Look below for the line with "图为扬州市委书记谢正义(右一)在会见古润金时,高度肯定了完美公司对扬州经济发展做出的贡献。 王爱萍 摄"; begin the copy there and stop after the line with "은 전도성 페이스트는", keeping the text exact and the pictures out.

Dataset entries START

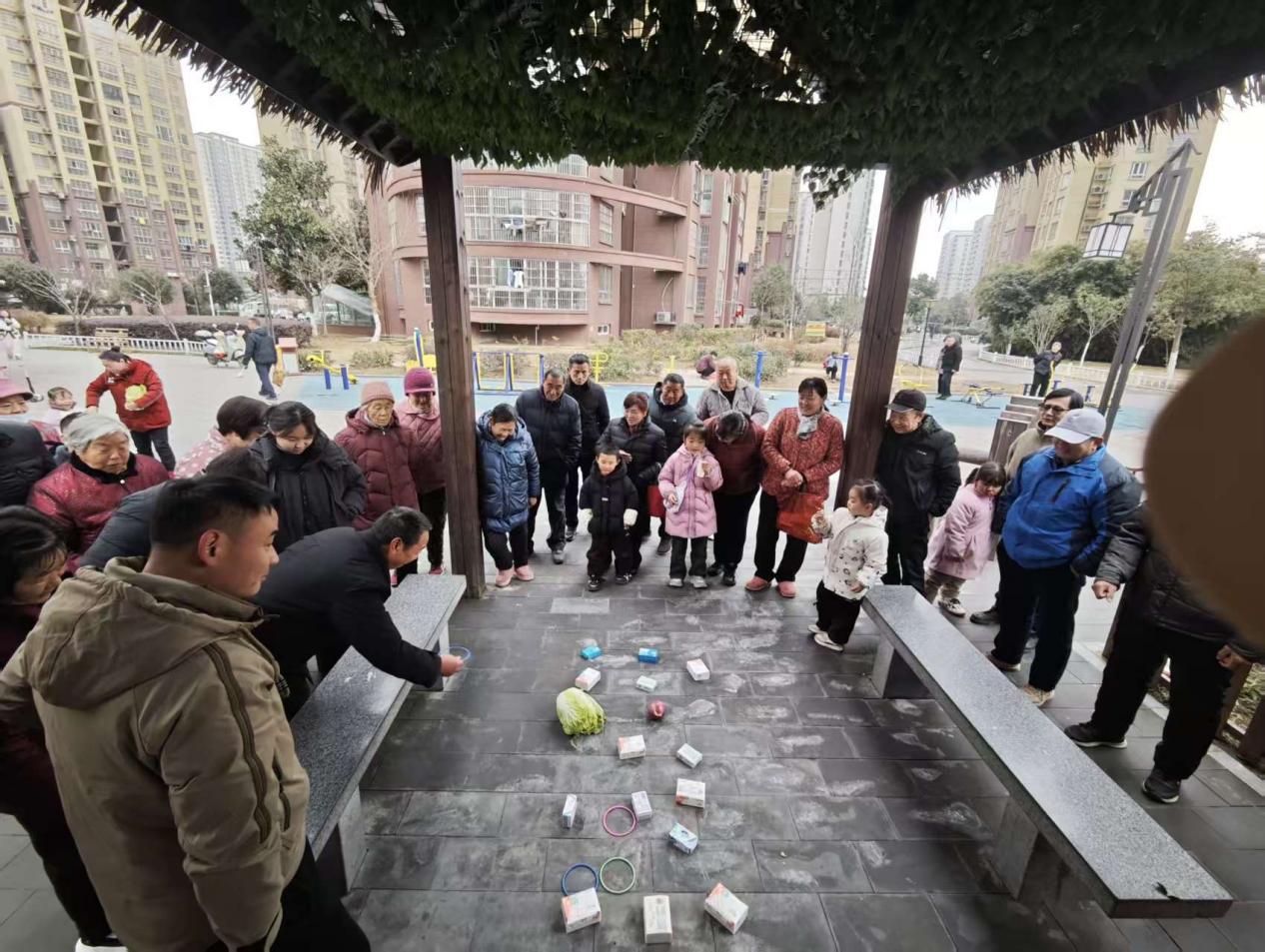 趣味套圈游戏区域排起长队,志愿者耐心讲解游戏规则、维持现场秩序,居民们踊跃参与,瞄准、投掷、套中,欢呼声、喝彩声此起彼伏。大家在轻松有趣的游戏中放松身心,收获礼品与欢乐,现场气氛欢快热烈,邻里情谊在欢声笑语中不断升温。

Dataset entries END
Dataset entries START

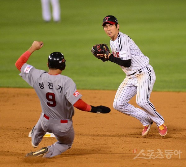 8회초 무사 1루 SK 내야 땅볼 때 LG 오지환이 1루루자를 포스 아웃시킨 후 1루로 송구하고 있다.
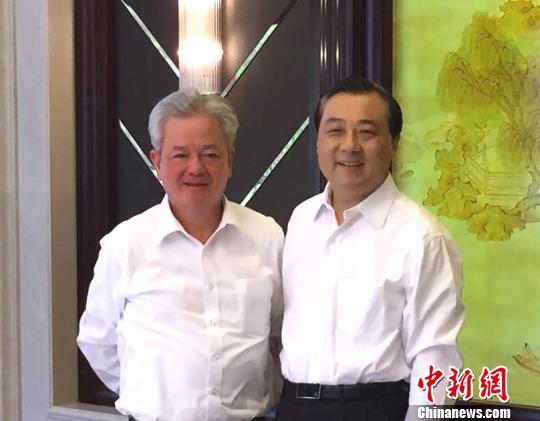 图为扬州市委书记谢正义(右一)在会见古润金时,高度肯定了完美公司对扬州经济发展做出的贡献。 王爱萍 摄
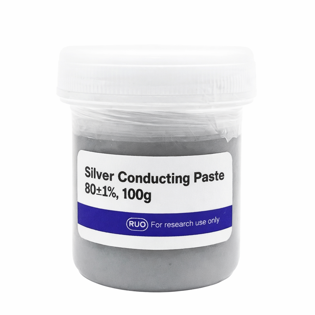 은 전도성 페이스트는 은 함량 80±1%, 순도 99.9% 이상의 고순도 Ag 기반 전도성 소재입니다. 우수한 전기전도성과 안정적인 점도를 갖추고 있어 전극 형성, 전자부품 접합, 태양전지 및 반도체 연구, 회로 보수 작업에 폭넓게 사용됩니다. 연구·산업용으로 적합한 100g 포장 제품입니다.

Dataset entries END
Dataset entries START

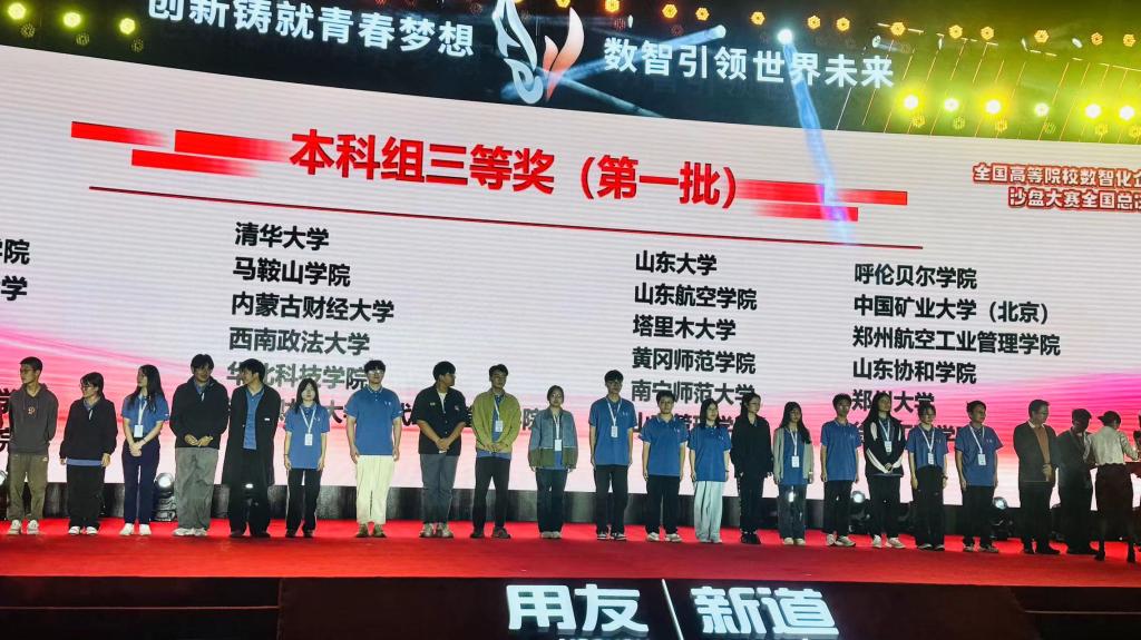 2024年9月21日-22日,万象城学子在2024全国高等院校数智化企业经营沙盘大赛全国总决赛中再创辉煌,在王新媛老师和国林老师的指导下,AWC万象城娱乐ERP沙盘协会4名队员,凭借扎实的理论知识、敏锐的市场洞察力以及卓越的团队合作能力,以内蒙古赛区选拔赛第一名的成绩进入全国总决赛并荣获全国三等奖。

Dataset entries END

Output of the exercise
 图为扬州市委书记谢正义(右一)在会见古润金时,高度肯定了完美公司对扬州经济发展做出的贡献。 王爱萍 摄
 은 전도성 페이스트는 은 함량 80±1%, 순도 99.9% 이상의 고순도 Ag 기반 전도성 소재입니다. 우수한 전기전도성과 안정적인 점도를 갖추고 있어 전극 형성, 전자부품 접합, 태양전지 및 반도체 연구, 회로 보수 작업에 폭넓게 사용됩니다. 연구·산업용으로 적합한 100g 포장 제품입니다.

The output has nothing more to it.